#### [Source data]
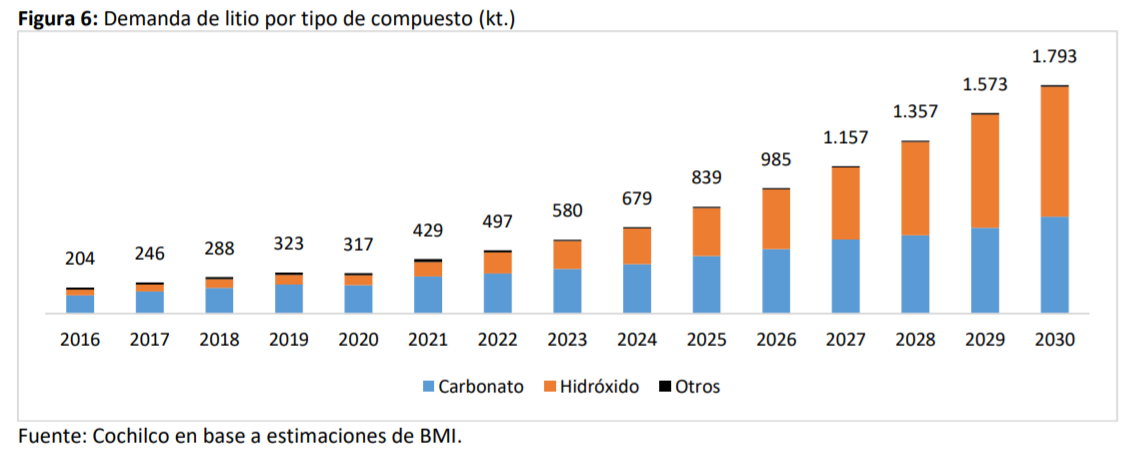 Proyección demanda de litio | Fuente: Cochilco. (s/f). Oferta y demanda del litio hacia el 2030, p. 11.
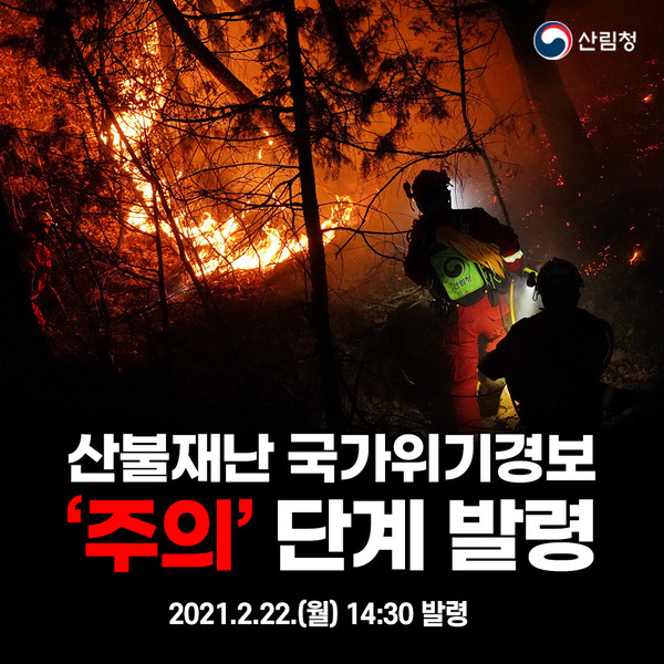산림청 중앙산불방지대책본부는 22일 전국에 산불재난 국가위기경보 ‘주의’ 단계를 발령했다. 이는 동해안과 영남권을 중심으로 건조주의보 발효가 계속되고 전국적·동시다발적으로 산불이 발생함에 따른 일이다.
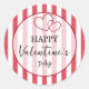 Happy Valentine's Day Heart Stripes Classic Round Sticker
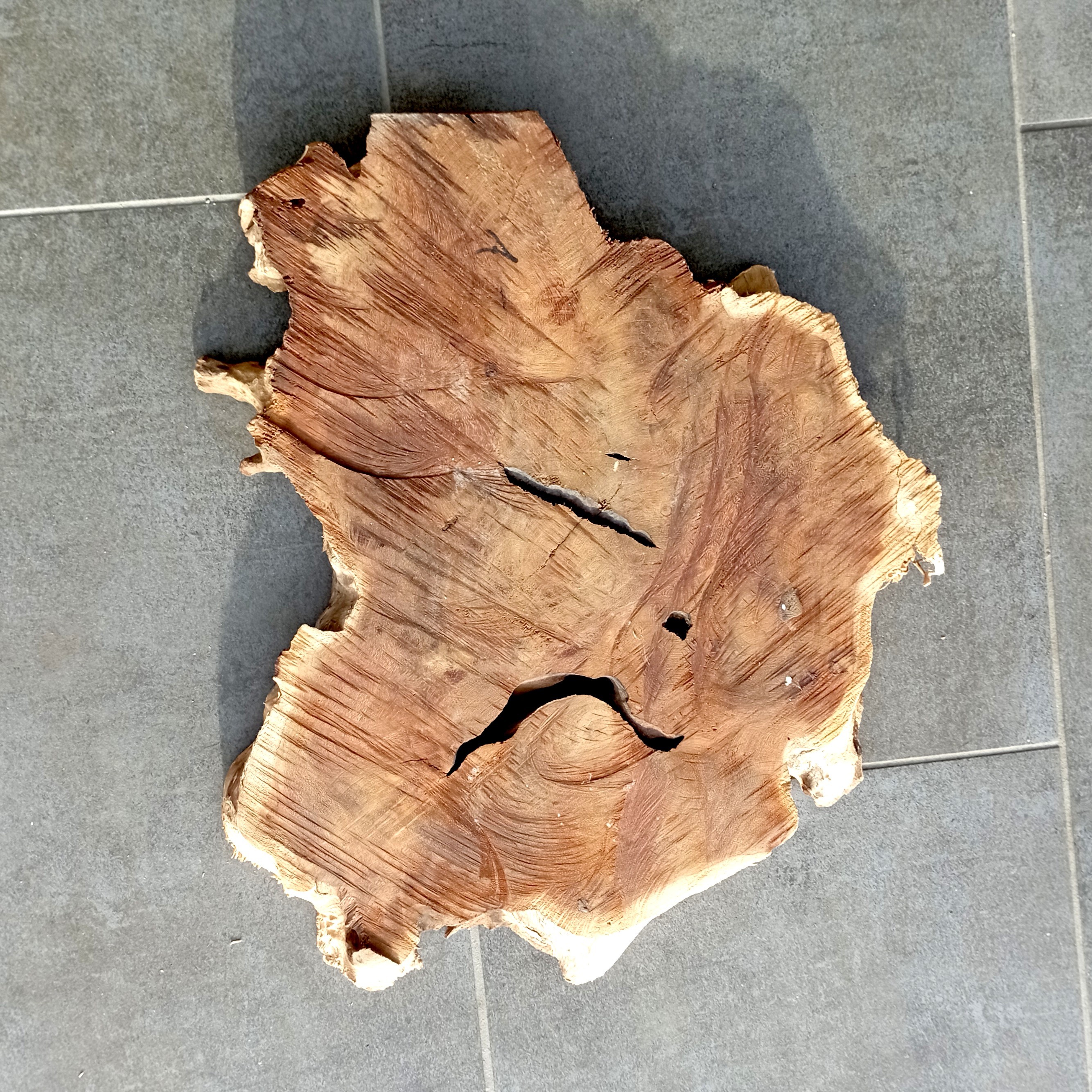 Taillée dans un tronc de teck abattu par les tempêtes, cette tranche de bois fera un superbe plateau ou une étagère très atypique.
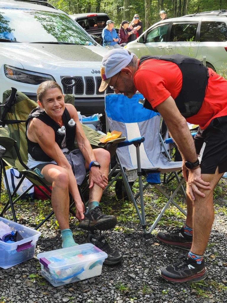 There was a pretty good climb from AS 4 to AS 5. The combination of heat, humidity, and hills really impacted my breathing, and I was struggling coming into AS 5, “Happy Dutchman.” It was probably one of my lowest moments. But I was also told the first 50k was the hardest. And my crew surprised me being there to cheer me on.
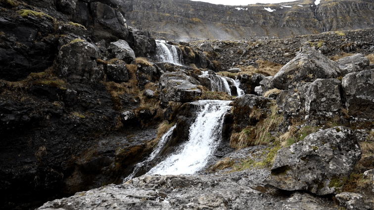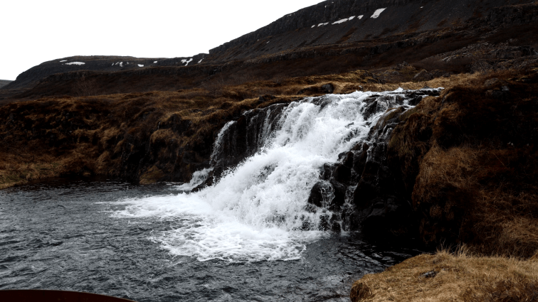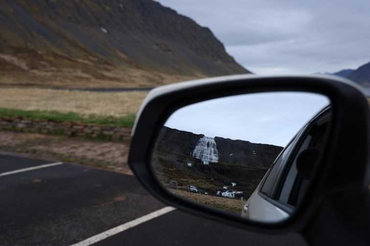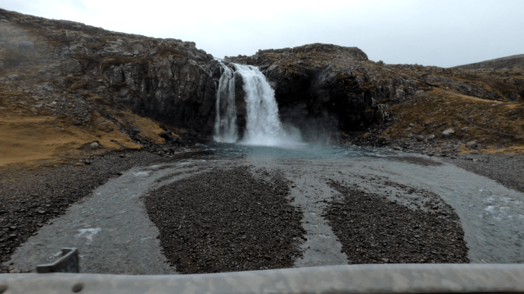 Nach gut 1,5h kamen wir dann beim Dynjandi und seinem „Walking Trail“ an. Nach einer sehr rauen Straße steht man hier an einem Punkt, der mich zur Demut zwang. Denn während wir hier die schroffe Natur mit allen Ecken und Kanten genießen und aufsaugen können, war vor dem Dynjandi die Idee des Tourismus sichtbar geworden. Da gab es Parkplätze für Elektroautos, Toilettenhäuschen und Picknick-Tische mit Bänken. Es fügt sich alles in ein Gesamtbild und geht schon in Ordnung. Trotzdem darf man wohl vermuten, dass die Entwicklung in Island immer mehr in diese Richtung geht. Eines Tages wird man dann nicht mehr auf matschigen Straßen seinem Ziel entgegen schliddern. Stattdessen vermute ich: Reisegruppen die einem Einheimischen folgen, welcher einen Schirm in der Hand. Der Entdeckergeist dürfte so nach und nach aussterben. So gesehen, haben wir gerade trotz all der Umstände einen guten Urlaub.

#### [AIM OF THE TASK]
In the answer, include exactly the lines from the top of the entries through the line containing "There was a", and nothing else, not even the pictures.

#### [RESPONSE TO THE EXERCISE]
 Proyección demanda de litio | Fuente: Cochilco. (s/f). Oferta y demanda del litio hacia el 2030, p. 11.
산림청 중앙산불방지대책본부는 22일 전국에 산불재난 국가위기경보 ‘주의’ 단계를 발령했다. 이는 동해안과 영남권을 중심으로 건조주의보 발효가 계속되고 전국적·동시다발적으로 산불이 발생함에 따른 일이다.
 Happy Valentine's Day Heart Stripes Classic Round Sticker
 Taillée dans un tronc de teck abattu par les tempêtes, cette tranche de bois fera un superbe plateau ou une étagère très atypique.
 There was a pretty good climb from AS 4 to AS 5. The combination of heat, humidity, and hills really impacted my breathing, and I was struggling coming into AS 5, “Happy Dutchman.” It was probably one of my lowest moments. But I was also told the first 50k was the hardest. And my crew surprised me being there to cheer me on.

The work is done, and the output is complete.